== INFORMATION SHOWN ==

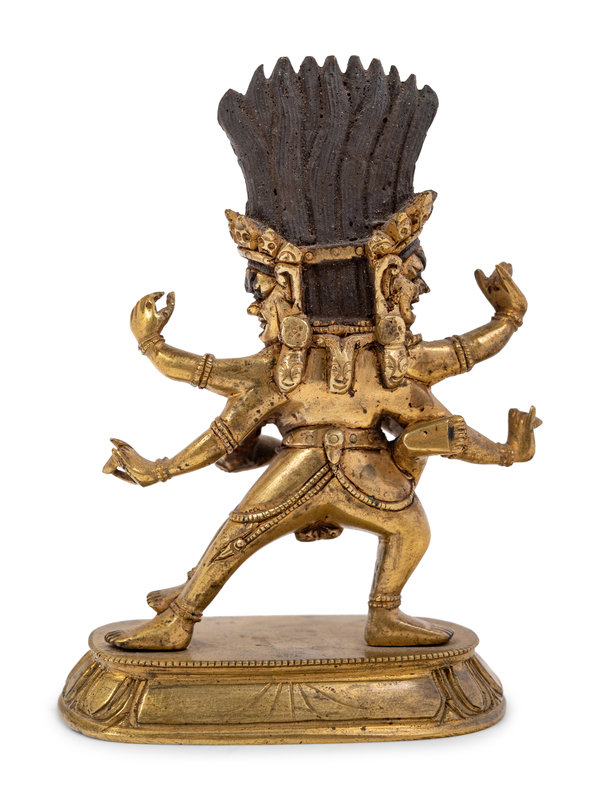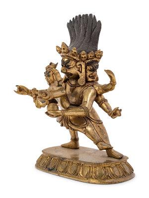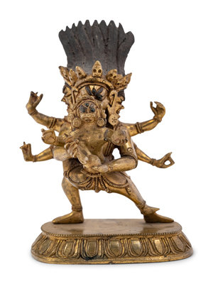 A Small Tibetan Gilt Bronze Figure of Rakta Yamari
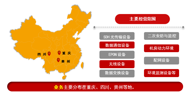 重庆合晨电通科技有限公司主要经营范围涵盖了SDH光传输设备、数据通信设备、EPON设备、无线设备、通信光缆及金具、二次安防与监控设备、机房动力环境设备、配网设备、环境监测设备等产品,业务主要分布在重庆、四川、贵州等地。以下为部分典型业绩:
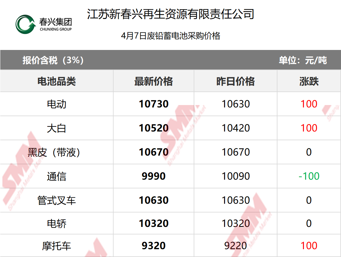 4月7日江苏新春兴 废电瓶采购报价

===

EXERCISE OBJECTIVE: Excluding pictures, reproduce the listing above exactly as it stands.

ANSWER AREA:
 A Small Tibetan Gilt Bronze Figure of Rakta Yamari
 重庆合晨电通科技有限公司主要经营范围涵盖了SDH光传输设备、数据通信设备、EPON设备、无线设备、通信光缆及金具、二次安防与监控设备、机房动力环境设备、配网设备、环境监测设备等产品,业务主要分布在重庆、四川、贵州等地。以下为部分典型业绩:
 4月7日江苏新春兴 废电瓶采购报价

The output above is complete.